To adhere to these choices we specify a vector of shape parameters for our transitions, so that the first entry corresponds to the Weibull shape parameter of the

#The first entry corresponds to shape of first transition, and so on...
shape_ID <- c(1, 1.5, 0.5)

Similarly, we choose scale parameters such that on average subjects become ill after 6 years, die without illness after 10 years and die after illness after 2 years.

scale_ID <- c(6, 10/gamma(1+1/1.5), 10/gamma(1+1/0.5))

Choosing/generating observation times (data, n_subj, obs_pars)

Now that we have specified the multi-state model and the transition intensities, we need to either manually determine observation times for subjects (by specifying the data argument) or automatically generate them (by specifying the n_subj and obs_pars arguments) using the sim_weibmsm() function.

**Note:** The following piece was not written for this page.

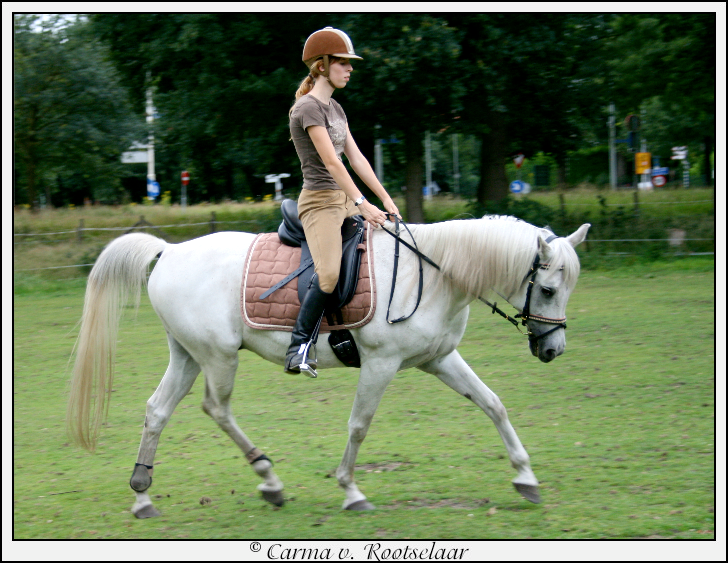 Niveau hebben we niet echt, nooit wedstrijden met hem gereden, maar denk dat we op ongeveer B niveau rijden

Manually choosing observation times (data)

Manually choosing the observation times provides the user with the most freedom. To make use of this, we must supply the data argument to the sim_weibmsm() function. This must be a data.frame or matrix with named columns time and id, representing the observations times for the corresponding subjects.

Suppose we want to observe half of our n = 100 subjects at even times and half at uneven times. We then generate a data.frame as follows:

obs_data <- data.frame(time = c(rep(seq(0, 20, 2), 50), rep(seq(1, 19, 2), 50)),
                       id = c(rep(1:50, each = 11), rep(51:100, each = 10)))

Now we can generate the interval-censored data:

data_manual <- sim_weibmsm(data = obs_data, tmat = tmat_ID,
                           shape = shape_ID, scale = scale_ID)

We visualise the generated data using visualise_msm():

visualise_msm(data_manual)

Automatically generating an observation grid (n_subj, obs_pars)

The sim_weibmsm() function also allows to generate observation times automatically. In that case, the n_subj and obs_pars parameters must be specified. This allows to generate n_subj subjects on a regular grid (planned assessment times) with uniform deviations from the planned assessment times.

For example, let’s say we want to observe 100 subjects every 2 days for a total duration of 20 days. Unfortunately, subjects do not come to assessments at the exactly specified times, but deviate uniformly by half a day in either direction. We can then choose n_subj = 100 and obs_pars = c(2, 0.5, 20) to achieve this, where the first entry quantities the planned inter-assessment time, the second the uniform deviation and the third the maximal observation time.

data_auto <- sim_weibmsm(tmat = tmat_ID, shape = shape_ID, scale = scale_ID,
                         n_subj = 100, obs_pars = c(2, 0.5, 20))

We visualise the data:

visualise_msm(data_auto)

Additional possibilities (startprobs, exact, censoring)

There are some additional possibilities in the sim_weibmsm() function.

Starting state probabilities (startprobs)

In above examples, we generated data with all subjects starting in the first (initial) state. This might not always be appropriate. We can therefore specify the argument startprobs as a vector with length the amount of total states in the model, with each entry representing the probability of starting in that state.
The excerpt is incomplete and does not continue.